Vous êtes plutôt flâneur(se) ? Votre cerveau ne s’en portera que mieux. Si c’est bien lui qui donne le signal de départ de la marche (et qui dit stop au moment d’arrêter ou attention aux obstacles à éviter), c’est la moelle épinière – équipée de véritables mini-moteurs indépendants - qui commande le mouvement cyclique de la marche.

En d’autres mots, le cerveau est uniquement à l’origine du signal nerveux et la moelle épinière est au centre d’un système indépendant qui contrôle le squelette et les muscles.

Le contrôle moteur nécessaire à la marche demandant peu d’engagement cérébral, l’esprit peut vagabonder ailleurs, et ça c’est très bon pour la pensée ! Vous en avez fait l’expérience au moins une fois j’en suis sûre. Il vous est certainement déjà arrivé, par exemple, de trouver la solution à un problème, tourné et retourné dans tous les sens en vain au bureau, après être sorti simplement prendre l’air, donc marcher, ne serait-ce qu’une petite demi-heure.

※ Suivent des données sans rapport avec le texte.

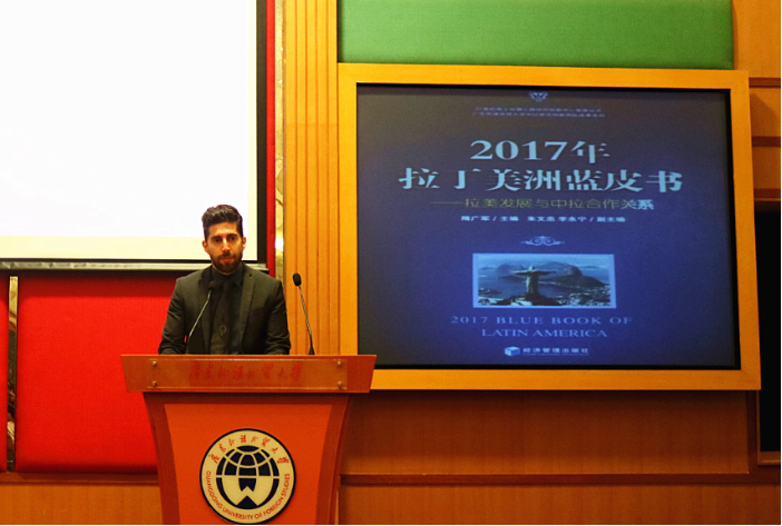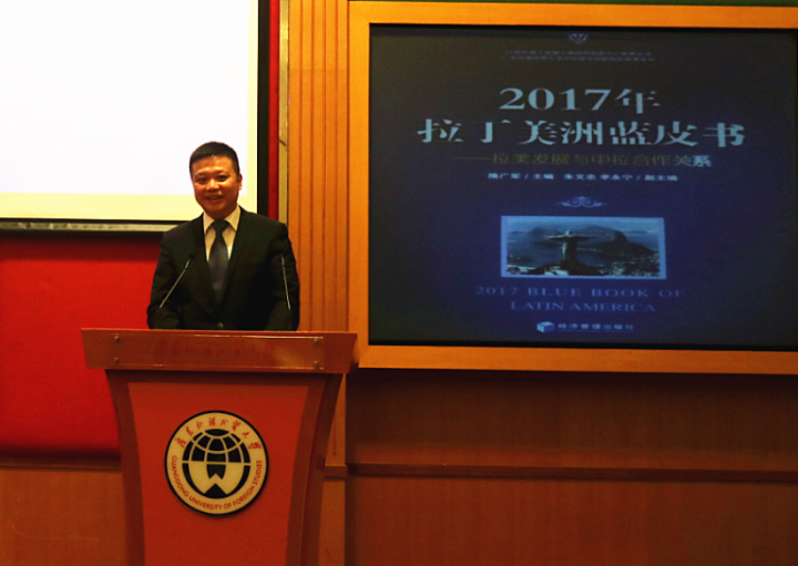 叶桂平作为作者代表发表致辞,他指出,在国家迈入新时代、中拉探讨建设命运共同体等的背景下,《2017年拉丁美洲蓝皮书》表明广外在研究中拉合作关系方面取得了新的进展,也是海内外学术界实务界了解中拉合作关系与发展的较好书籍。澳门城市大学重视与广外的交流合作,期望一起进一步加强中拉研究方面等的合作,探讨更多的学术精品,创造中拉人才培养的更多亮点等。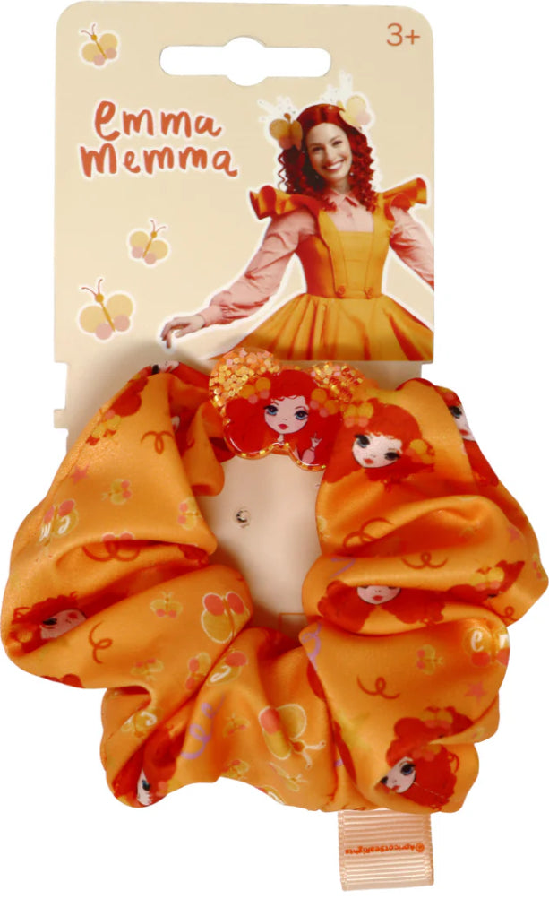 Featuring a Limited Edition Emma Memma print on soft, silky, satin scrunchie and is adorned with a sparkly butterfly that features an Emma Memma character print on top.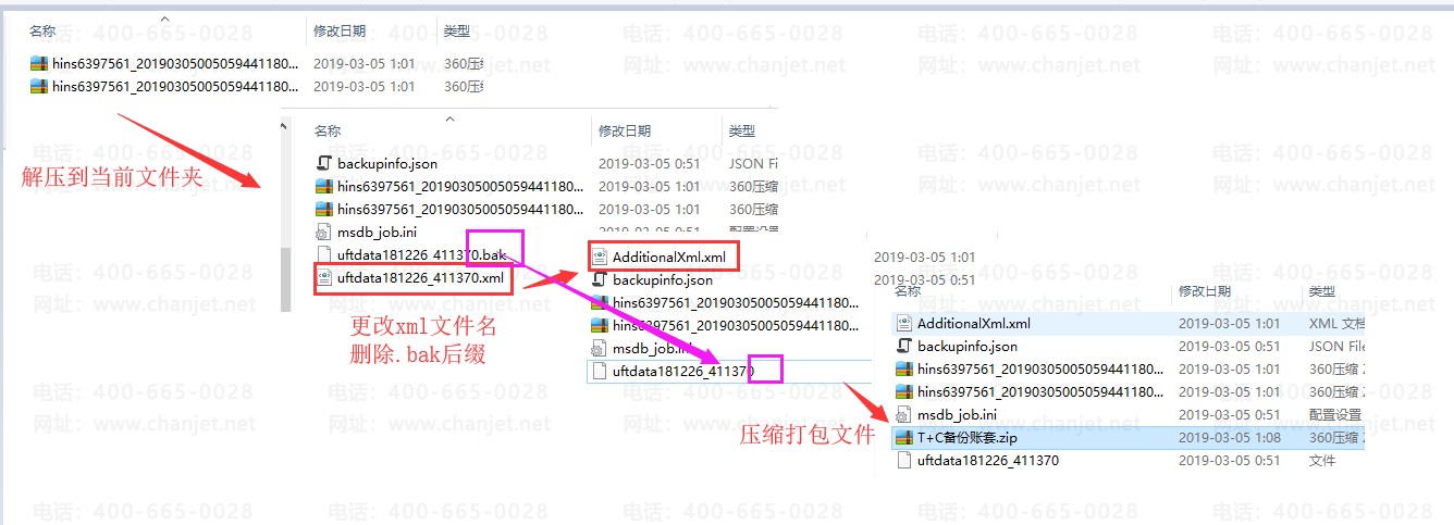二、将文件解压,更改xml文件,改成AdditionalXml.xml,删除.bak后缀,将两个文件压缩打包.zip。

On pense mieux en marchant, et ce ne sont pas les philosophes d’hier, ni ceux d’aujourd’hui d’ailleurs qui diront le contraire. Goethe, Schopenhauer ou encore Nietzsche, par exemple, étaient des « adeptes » de la promenade. Les grands savants de l’Antiquité, comme Aristote, aimaient déambuler, c’est-à-dire marcher sans but précis. Ils étaient physiquement actifs et en même temps, ils réfléchissaient, ils discutaient, ils échangeaient des idées, et c’est ce qui a fondé de nombreuses structures sociales toujours en place aujourd’hui.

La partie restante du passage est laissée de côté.